Из язвительных замечаний, щедро рассыпаемых Рашулой, многие уже могли сделать вывод, что Розенкранц, вероятно, в сговоре с Пайзлом действительно замышляет нечто подобное. Сейчас все улыбнулись, все — это Мачек и Ликотич, но ни один не проронил ни слова.
— F"uhle mich nicht tangiert! — зашлепал губами Розенкранц. — Sagen Sie liber, warum haben Sie Euere heutige Soiree abgesagt? [81]
81
Я не в настроении! Скажите лучше, почему вы сегодня отложили вашу вечеринку? (нем.)
— Abgesagt? [82] —
— Вот вши-то вас не должны бы беспокоить! — несколько разочарованно заметил Ликотич.
— Не должны бы, не будь они такие большие, как все вы, по крайней мере, как вон тот. — И он показал на Мутавца. — Но кроме шуток, господа, вы все слышали, Юришич говорит, что я как будто желаю смерти Мутавцу. Верите вы этому?
82
Отложил? (нем.)
— Я верю! — отозвался один Майдак и приподнялся с козел.
— Ну вот, Микадо верит! — хихикнул Рашула. — Микадо спиритист, он все знает!
Майдак не ответил, встал и ушел. Именно сейчас он меньше всего думает о спиритизме. Пришло время подумать о том, что завтра надо непременно составить апелляцию на решение о продаже с молотка его лавки. Желание сугубо земное вернуло его к реальности, к мыслям о том, как он возвратится в свою лавку, за свой прилавок, к ящикам, весам и головам сахара. Жизнь еще могла бы измениться, он бы женился; только как и когда все это произойдет? Сейчас ему взгрустнулось. Подумав, куда задевался Юришич, он пошел его разыскивать. Рашула насмешливо смотрит ему вслед.
— Вот как он верит — тут же в кусты побежал! — рассмеялся он и сел на освободившееся место возле Мутавца. — Ну, а как вы, господа? Например, вы, Мачек?
— Я верю, как и вы!
— Вот это ответ! Ну раз вы так умны, то как по-вашему, что лучше — отправиться в сумасшедший дом, на каторгу или в могилу? Вы, разумеется, завтра улизнете на волю, поэтому вопрос мой вас мало задевает. И все же, что вы думаете?

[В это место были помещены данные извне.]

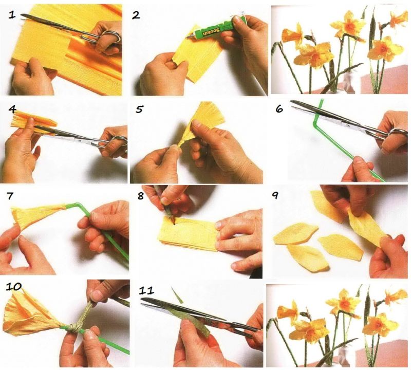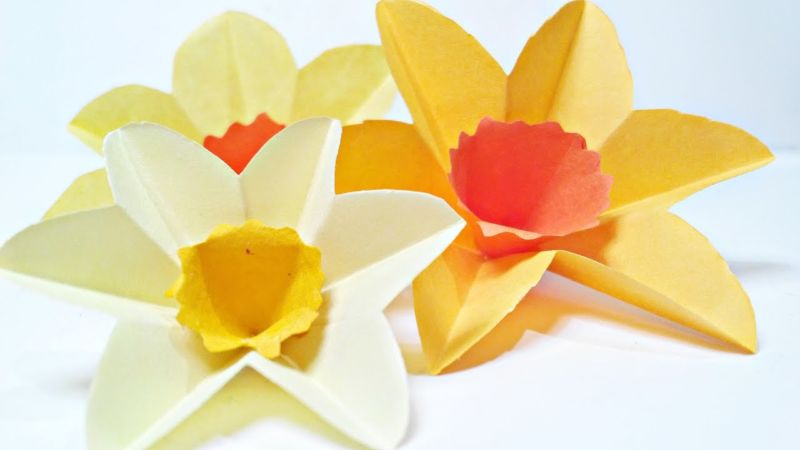 Ярък и запомнящ се пример за хартиени цветя е нарцисът. Изработването му е по силите дори на учениците от прогимназията. Необходими материали:

Мачек оказался в затруднительном положении, но отвечать надо; конечно, считает он, каторга чуть лучше, из нее еще можно выбраться, из сумасшедшего дома редко кто выходит, а из могилы тем более.
— О, можно и из сумасшедшего дома. Да еще вдобавок на воле оказываешься совершенно здоровым! Если не верите, спросите Розенкранца, что он об этом думает.

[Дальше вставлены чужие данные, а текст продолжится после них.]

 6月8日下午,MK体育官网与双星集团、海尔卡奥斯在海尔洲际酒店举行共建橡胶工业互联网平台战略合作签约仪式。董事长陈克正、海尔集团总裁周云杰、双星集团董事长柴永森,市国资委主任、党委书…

— Lassen Sie mich in Ruh! — уклонился Розенкранц. — Sonst! [83] — И зашагал прочь.
— Sonst? [84]
— Nur a Wort noch, ich geh… — и в самом деле он отошел к воротам. — Ich weiss alles! [85]
83
Оставьте меня в покое! Что еще! (нем.)
84
Что еще? (нем.)
85
Еще одно слово, и я уйду… Я все знаю! (нем.)

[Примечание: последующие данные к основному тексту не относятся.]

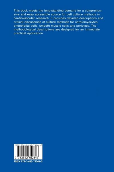 In the cardiovascular sciences, an increasing demand for the use of modern methods of cell biology has developed. The use of specific cell culture models of the various tissues involved is essential for most of these novel approaches. This book meets the demand for acomprehensive and easy accessible source for cell cul- ture methods in cardiovascular research as it was not previously available. The basic methods for cultures of cardiomyocytes (embryonic and adult), endothelial cells (micro- and macrovascular), smooth muscle cells and pericytes are described in detail by an international selection of experts. Special chapters discuss the use of growth factors and attachment substrates, techniques for co-cultures, cultures on permeable filter membranes and microcarrier cultures. The methodological descriptions are sufficiently detailed for an immediate application in the laboratory. All chapters also contain a critical evaluation of alternative approaches.

— Господин Розенкранц! — испугался вдруг Мачек. Ведь он под честное слово сообщил Розенкранцу тайну о желании Рашулы повидаться с женой.
— Так что вы знаете? — поднялся Рашула. При взгляде на Мачека ему стало ясно, что он подслушивал возле комнаты Бурмута и обо всем услышанном доложил Розенкранцу. Если Розенкранц сообщит сейчас начальнику тюрьмы, дело примет весьма нежелательный оборот! — Ein Unsinn! [86] — успокоил он Розенкранца и, усевшись, снова повернулся к Мачеку. — Вы, стало быть, больше любите каторгу? Вам ее, пожалуй, не миновать!
86
Вздор! (нем.)
— О, каторга может обойтись и без меня! — увильнул от ответа Мачек, ободренный предположением, что он тоже держит Рашулу под шахом. А если потребуется, он может даже пригрозить, что сделает достоянием общественности все его интриги здесь,
— И я могу с вами за компанию! — оскалился Рашула и пристально посмотрел на Мутавца.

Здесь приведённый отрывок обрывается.